### Data provided

============

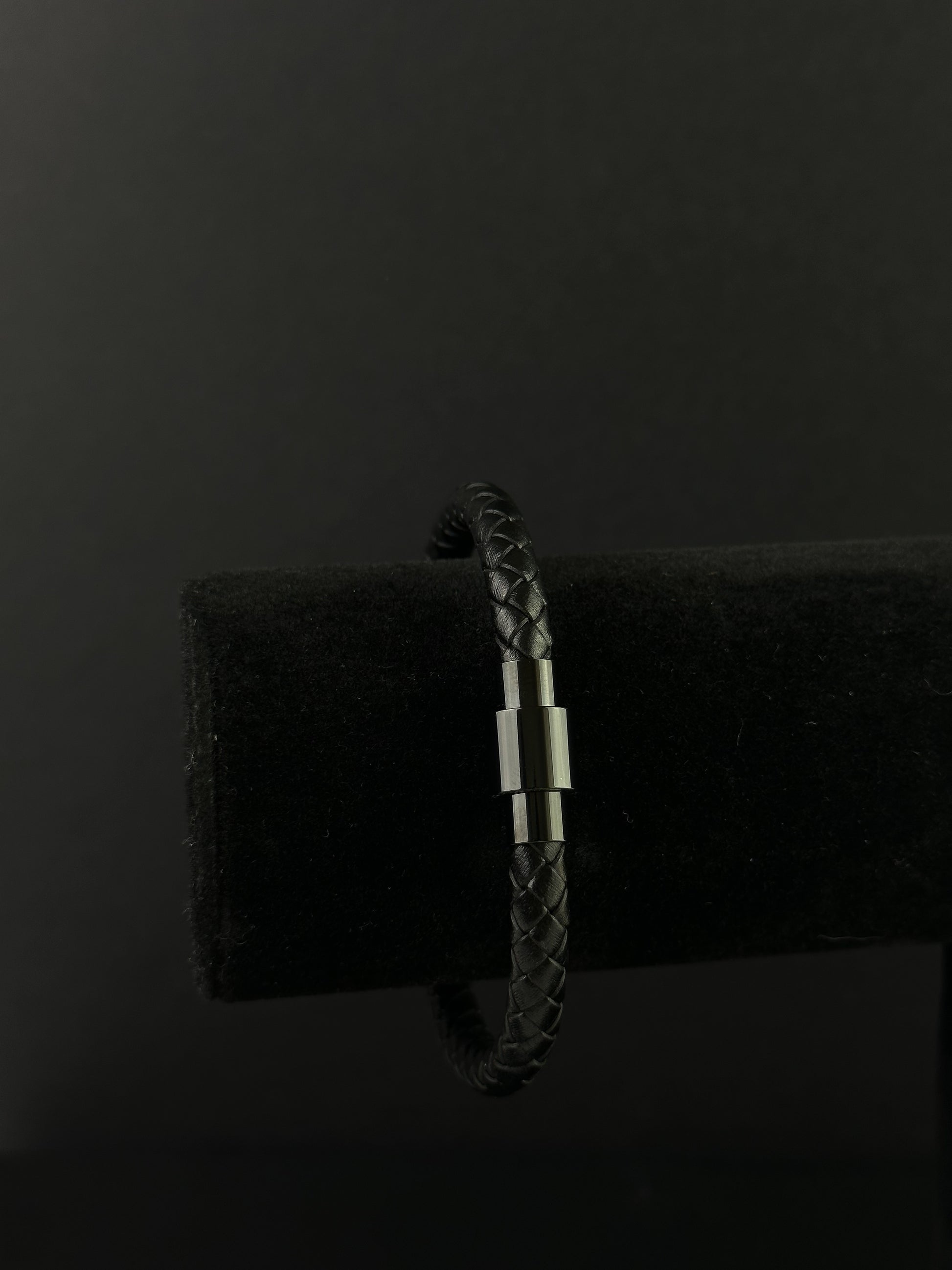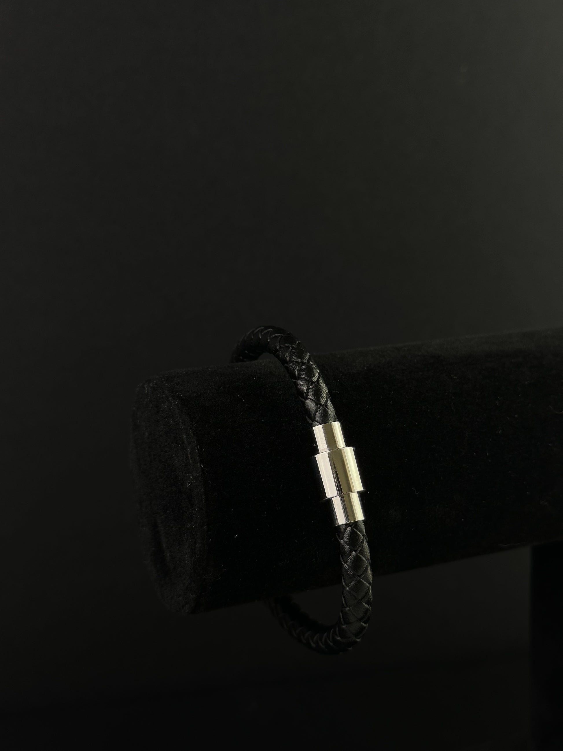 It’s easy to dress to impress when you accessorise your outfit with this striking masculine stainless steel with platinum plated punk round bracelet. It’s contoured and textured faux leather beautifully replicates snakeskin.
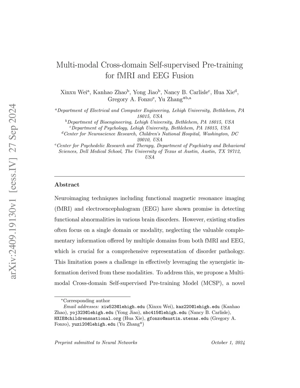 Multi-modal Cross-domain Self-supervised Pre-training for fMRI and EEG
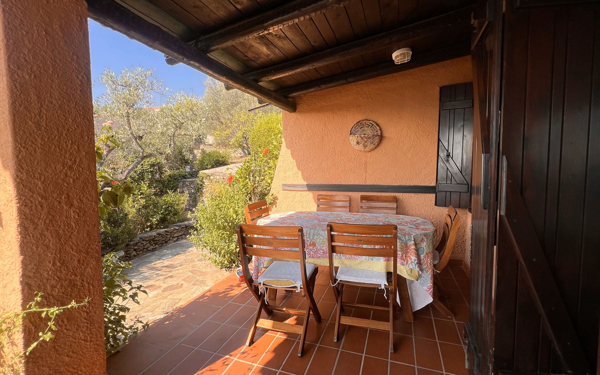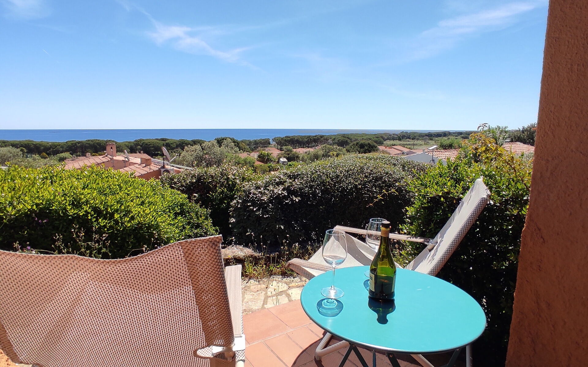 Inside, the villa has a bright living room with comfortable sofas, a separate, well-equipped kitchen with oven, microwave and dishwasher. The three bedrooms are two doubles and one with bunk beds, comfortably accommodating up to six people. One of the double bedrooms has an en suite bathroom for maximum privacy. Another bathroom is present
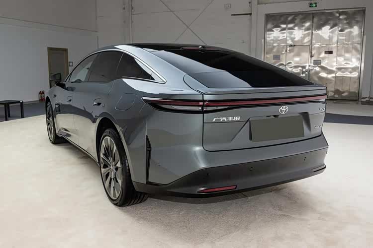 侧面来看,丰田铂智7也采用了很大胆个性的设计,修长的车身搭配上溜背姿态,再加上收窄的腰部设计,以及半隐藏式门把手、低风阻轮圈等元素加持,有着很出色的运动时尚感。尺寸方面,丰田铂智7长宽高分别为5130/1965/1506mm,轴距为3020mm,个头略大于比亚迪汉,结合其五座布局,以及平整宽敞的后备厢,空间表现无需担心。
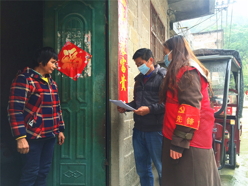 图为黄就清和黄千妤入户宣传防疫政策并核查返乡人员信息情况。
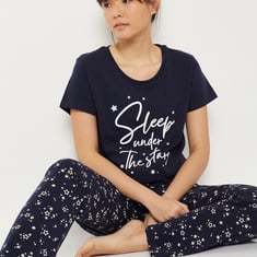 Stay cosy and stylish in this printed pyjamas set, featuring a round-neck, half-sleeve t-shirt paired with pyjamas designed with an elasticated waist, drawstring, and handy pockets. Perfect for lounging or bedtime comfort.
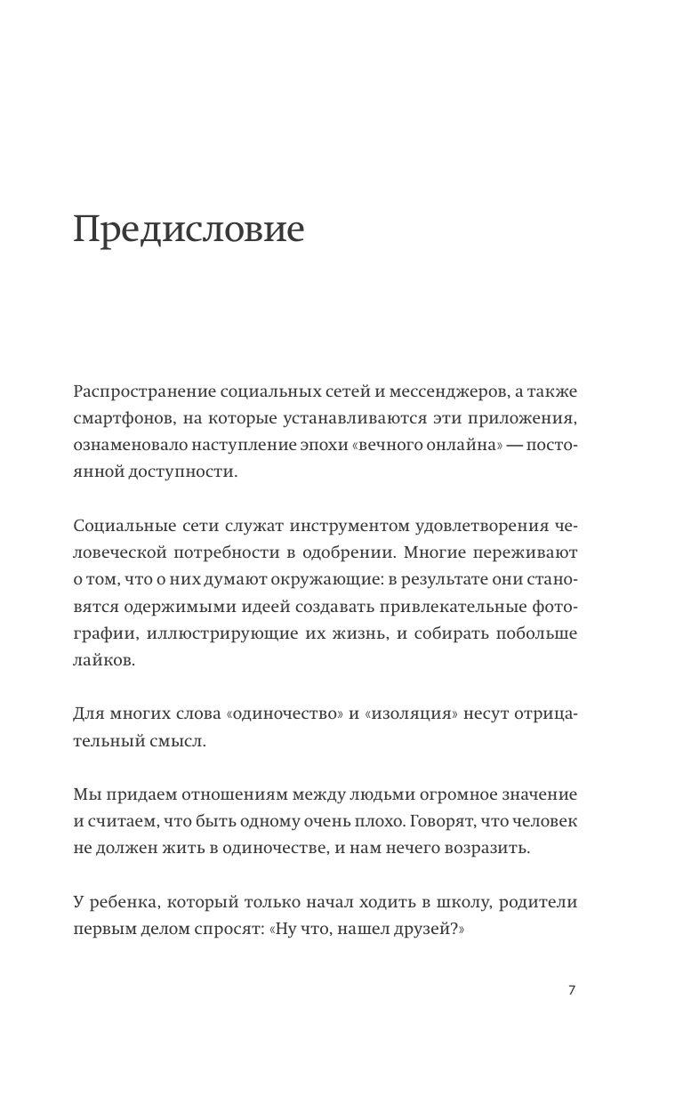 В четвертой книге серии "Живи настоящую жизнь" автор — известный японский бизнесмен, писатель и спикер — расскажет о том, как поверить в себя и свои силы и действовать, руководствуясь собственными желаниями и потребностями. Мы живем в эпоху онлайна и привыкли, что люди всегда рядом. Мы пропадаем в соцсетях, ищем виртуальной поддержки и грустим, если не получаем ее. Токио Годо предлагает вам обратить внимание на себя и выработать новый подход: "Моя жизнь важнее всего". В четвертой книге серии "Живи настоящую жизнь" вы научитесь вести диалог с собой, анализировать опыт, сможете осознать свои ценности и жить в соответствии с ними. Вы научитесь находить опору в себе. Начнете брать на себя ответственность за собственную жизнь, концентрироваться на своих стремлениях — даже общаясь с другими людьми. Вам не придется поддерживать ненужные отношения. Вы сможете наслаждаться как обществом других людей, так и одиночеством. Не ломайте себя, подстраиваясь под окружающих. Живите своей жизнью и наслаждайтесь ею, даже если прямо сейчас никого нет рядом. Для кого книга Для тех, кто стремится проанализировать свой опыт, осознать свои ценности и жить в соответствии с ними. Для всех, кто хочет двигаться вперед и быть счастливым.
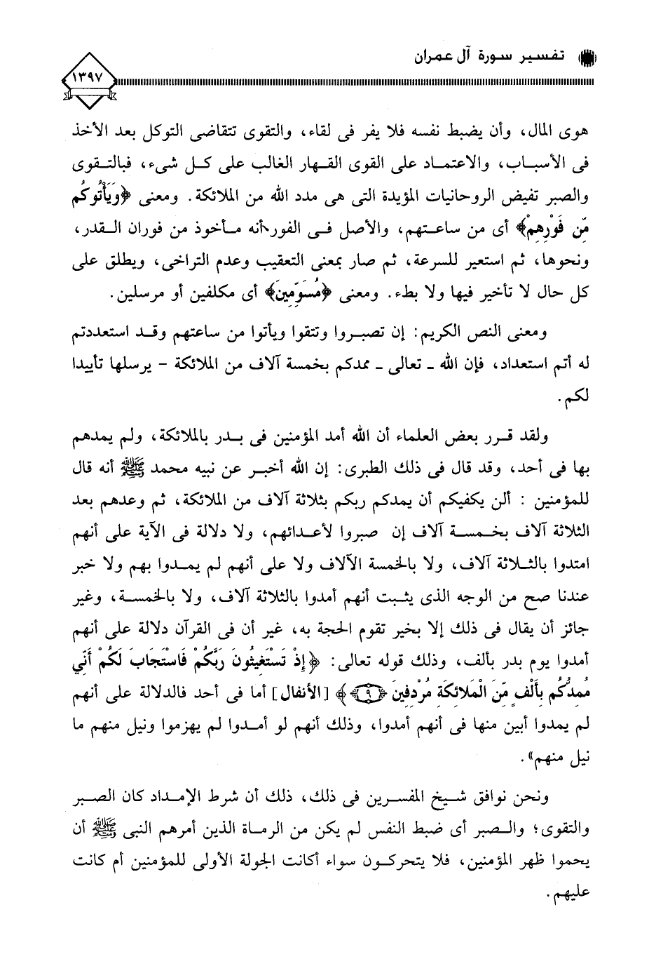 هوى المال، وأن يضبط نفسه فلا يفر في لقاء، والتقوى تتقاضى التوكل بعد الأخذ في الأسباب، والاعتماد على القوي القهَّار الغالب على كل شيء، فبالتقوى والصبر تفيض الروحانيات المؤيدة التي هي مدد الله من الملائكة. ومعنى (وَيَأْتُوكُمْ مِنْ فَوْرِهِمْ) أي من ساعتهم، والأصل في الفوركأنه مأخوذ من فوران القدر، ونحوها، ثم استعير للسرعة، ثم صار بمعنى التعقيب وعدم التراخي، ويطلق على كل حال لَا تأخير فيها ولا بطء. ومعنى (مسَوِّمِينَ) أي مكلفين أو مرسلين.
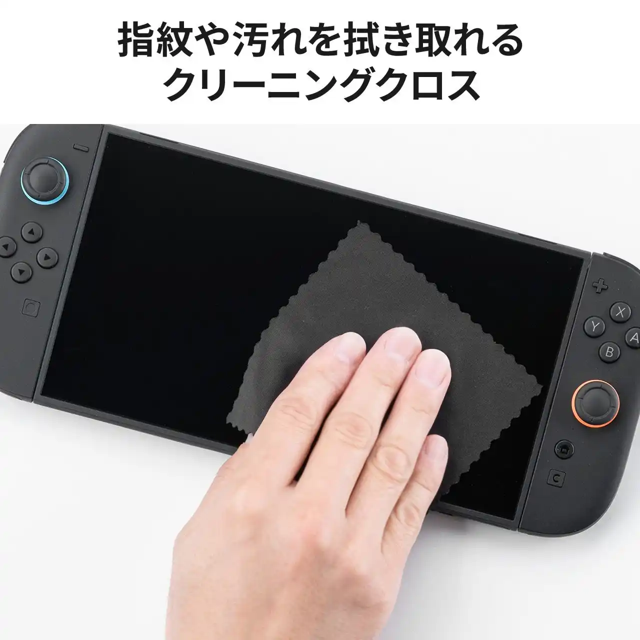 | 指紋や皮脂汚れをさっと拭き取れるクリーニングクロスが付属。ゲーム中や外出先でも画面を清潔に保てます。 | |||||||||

============

### To do
Set down, word for word, the full listing above, and carry over no pictures.

### Reply
 It’s easy to dress to impress when you accessorise your outfit with this striking masculine stainless steel with platinum plated punk round bracelet. It’s contoured and textured faux leather beautifully replicates snakeskin.
 Multi-modal Cross-domain Self-supervised Pre-training for fMRI and EEG
 Inside, the villa has a bright living room with comfortable sofas, a separate, well-equipped kitchen with oven, microwave and dishwasher. The three bedrooms are two doubles and one with bunk beds, comfortably accommodating up to six people. One of the double bedrooms has an en suite bathroom for maximum privacy. Another bathroom is present
 侧面来看,丰田铂智7也采用了很大胆个性的设计,修长的车身搭配上溜背姿态,再加上收窄的腰部设计,以及半隐藏式门把手、低风阻轮圈等元素加持,有着很出色的运动时尚感。尺寸方面,丰田铂智7长宽高分别为5130/1965/1506mm,轴距为3020mm,个头略大于比亚迪汉,结合其五座布局,以及平整宽敞的后备厢,空间表现无需担心。
 图为黄就清和黄千妤入户宣传防疫政策并核查返乡人员信息情况。
 Stay cosy and stylish in this printed pyjamas set, featuring a round-neck, half-sleeve t-shirt paired with pyjamas designed with an elasticated waist, drawstring, and handy pockets. Perfect for lounging or bedtime comfort.
 В четвертой книге серии "Живи настоящую жизнь" автор — известный японский бизнесмен, писатель и спикер — расскажет о том, как поверить в себя и свои силы и действовать, руководствуясь собственными желаниями и потребностями. Мы живем в эпоху онлайна и привыкли, что люди всегда рядом. Мы пропадаем в соцсетях, ищем виртуальной поддержки и грустим, если не получаем ее. Токио Годо предлагает вам обратить внимание на себя и выработать новый подход: "Моя жизнь важнее всего". В четвертой книге серии "Живи настоящую жизнь" вы научитесь вести диалог с собой, анализировать опыт, сможете осознать свои ценности и жить в соответствии с ними. Вы научитесь находить опору в себе. Начнете брать на себя ответственность за собственную жизнь, концентрироваться на своих стремлениях — даже общаясь с другими людьми. Вам не придется поддерживать ненужные отношения. Вы сможете наслаждаться как обществом других людей, так и одиночеством. Не ломайте себя, подстраиваясь под окружающих. Живите своей жизнью и наслаждайтесь ею, даже если прямо сейчас никого нет рядом. Для кого книга Для тех, кто стремится проанализировать свой опыт, осознать свои ценности и жить в соответствии с ними. Для всех, кто хочет двигаться вперед и быть счастливым.
 هوى المال، وأن يضبط نفسه فلا يفر في لقاء، والتقوى تتقاضى التوكل بعد الأخذ في الأسباب، والاعتماد على القوي القهَّار الغالب على كل شيء، فبالتقوى والصبر تفيض الروحانيات المؤيدة التي هي مدد الله من الملائكة. ومعنى (وَيَأْتُوكُمْ مِنْ فَوْرِهِمْ) أي من ساعتهم، والأصل في الفوركأنه مأخوذ من فوران القدر، ونحوها، ثم استعير للسرعة، ثم صار بمعنى التعقيب وعدم التراخي، ويطلق على كل حال لَا تأخير فيها ولا بطء. ومعنى (مسَوِّمِينَ) أي مكلفين أو مرسلين.
 | 指紋や皮脂汚れをさっと拭き取れるクリーニングクロスが付属。ゲーム中や外出先でも画面を清潔に保てます。 | |||||||||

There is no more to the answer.